Ok, but even information alone offers quite limited value. And if you ask me, the real shame of where we are as an industry right now is that this is precisely where most online grocers stop. They think that tagging raw data with various category or trait markers is the best that they can do for their shoppers. The truth is far from that. Instead of calling it quits at isolated bits of product information, a more sophisticated approach is to link that information together in significant ways. Take cheese, for example. Each cheese SKU has simple information qualities like whether it is Gruyere or Cheddar, whether it is yellow or white, whether it is sharp or mild, soft or hard, and whether it is in a wheel, a wedge, a tub, or packaged in slices. You can develop quite a robust ontology of information about cheese alone.

But then connecting and cross-referencing the classifications and qualities of cheeses relative to one-another and to the needs of customers moves you along the complexity-value journey from “information” to something like “real knowledge.” For example, let’s say a shopper purchased hard, yellow, sheep’s milk cheeses in the past. It is a little bit more complex to understand that Havarti and Camembert do not belong in the family of cheeses that this shopper prefers, and that recommending those cheeses is not going to get you very far.

But once you have trained your algorithms to recognize that the “information” qualities of products can be clustered together according to the multiple traits that each item has, you can bestow upon the algorithm something like “cheese knowledge.” It will then know to offer this shopper Manchego or Pecorino, cheeses perfectly in accordance with the shopper’s expressed tastes.

3. Feed your algorithm with a well of wisdom

But there is still further to go on our journey. What if your recommendation engine not only had a deep understanding of food qualities and how they interrelate between products, but it also understood human lifestyle preferences? What if it knew how various ingredients and food products are used together to construct popular dishes? What if it could understand how the priorities of a single college student differ from those of the primary shopper for a family of five? What if it knew about food allergies, and religious or health-oriented dietary restrictions?

This goes beyond simply recognizing the behavior patterns of consumers and looking for simple correlations.

Grasping these more abstract concepts is considerably harder than just labeling SKUs with simple metatags. It requires a large amount of reference information from recipes, menu items, and ingredient lists. It requires understanding cultural and regional dietary preferences. It requires deciding and prioritizing human decision-making heuristics. It requires advanced machine-learning in algorithms, so that they remain responsive to the behavior of real shoppers “in the wild.”

All of that adds up to a lot more complexity! But that complexity also boosts your recommendations way, way, up along the value spectrum journey.

olivia@halla.io

With this kind of engine driving recommendations, you could recognize not only that jam goes well with another spread on bread, but you would also know to suggest pumpkin butter to a shopper whose history suggests nut allergies. When you identify that a shopper is building a fruit salad, you would know to recommend fruits like berries and melons, and not those like tomatoes and zucchinis. You would offer sliced turkey or smoked salmon as substitutes for ham to a kosher shopper making eggs benedict, but only low-sodium smoked salmon to a shopper who is a hypertension-conscious pescatarian. And as for our cheese example, you would know that beef, lettuce, pickles, onions and tomato on a bun go better with sliced emmental than they do with cottage cheese.

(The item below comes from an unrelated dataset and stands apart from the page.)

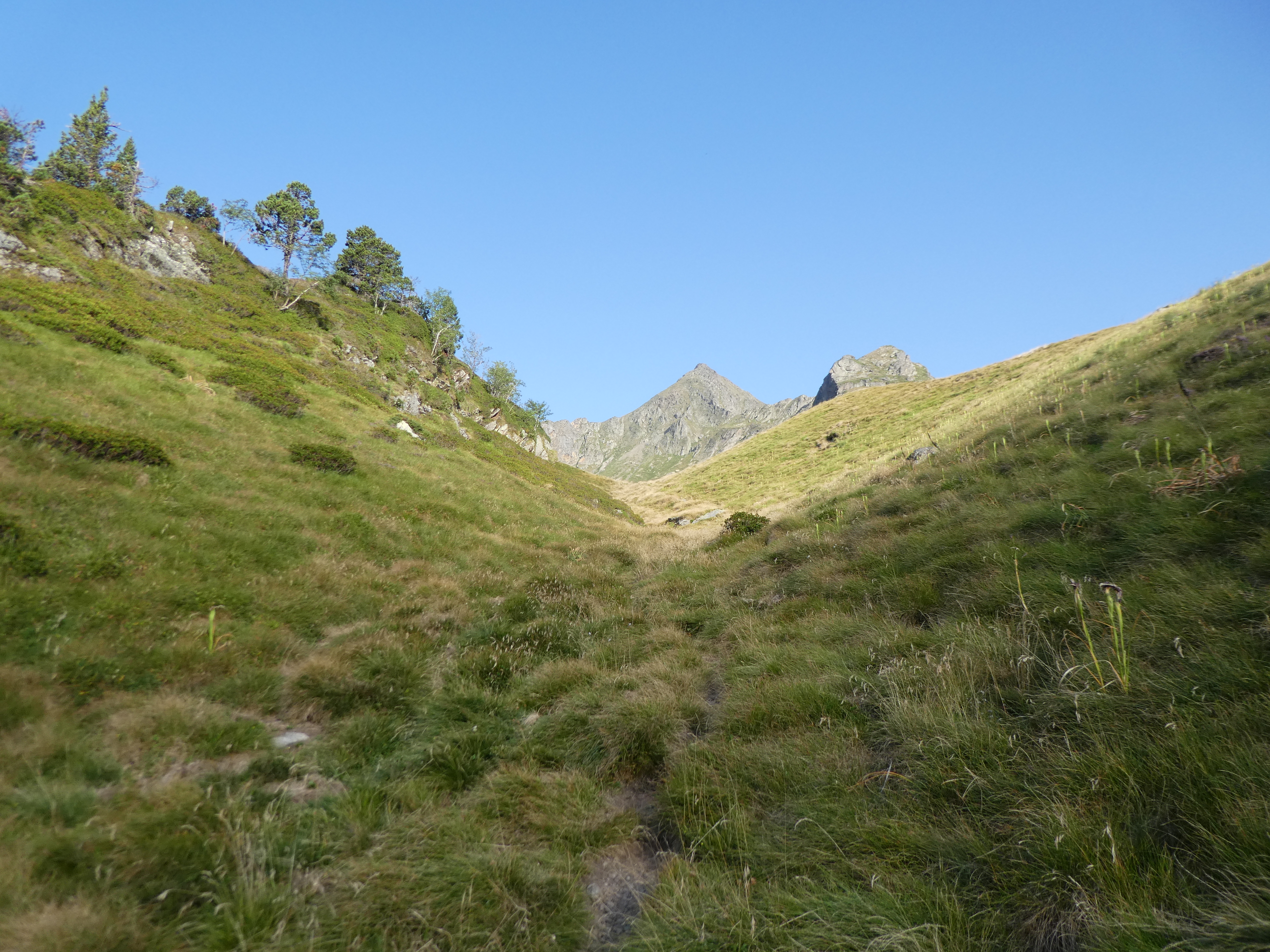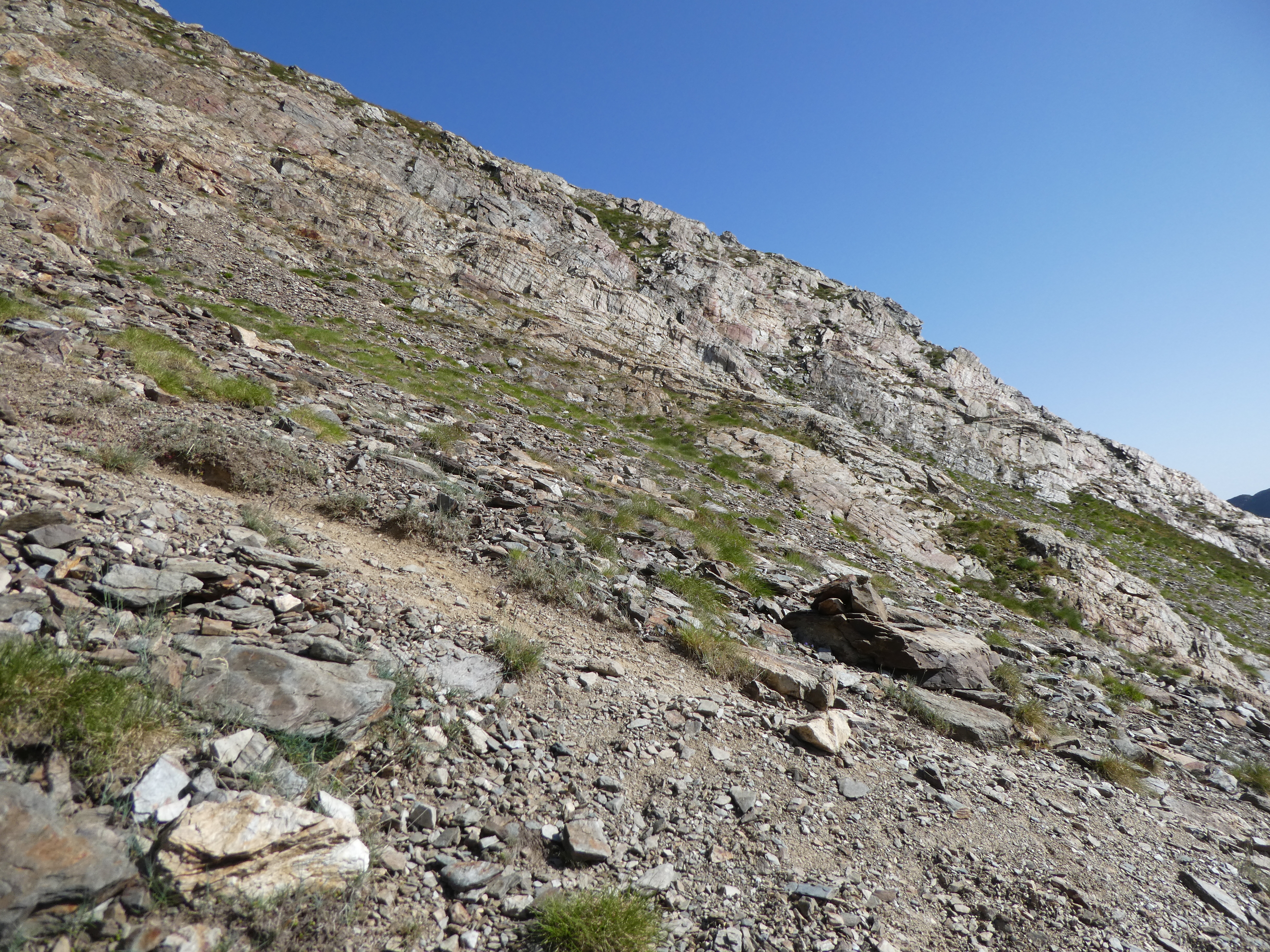 L'objectif est de rejoindre le sentier de montée vers le petit couloir rocheux du Pic de Hourgade

This goes beyond simply recognizing the behavior patterns of consumers and looking for simple correlations. At the top end of the complexity-value spectrum, your recommendations algorithm can achieve something that looks an awful lot like what we would consider “wisdom.”

In today’s world of AI-driven e-commerce, garbage in, garbage out is not even table stakes anymore. The winners in online grocery will be those who get furthest along the complexity-value journey. It turns out that tennis great (and once-army-computer-programming-instructor) Arthur Ashe was right…success is a journey!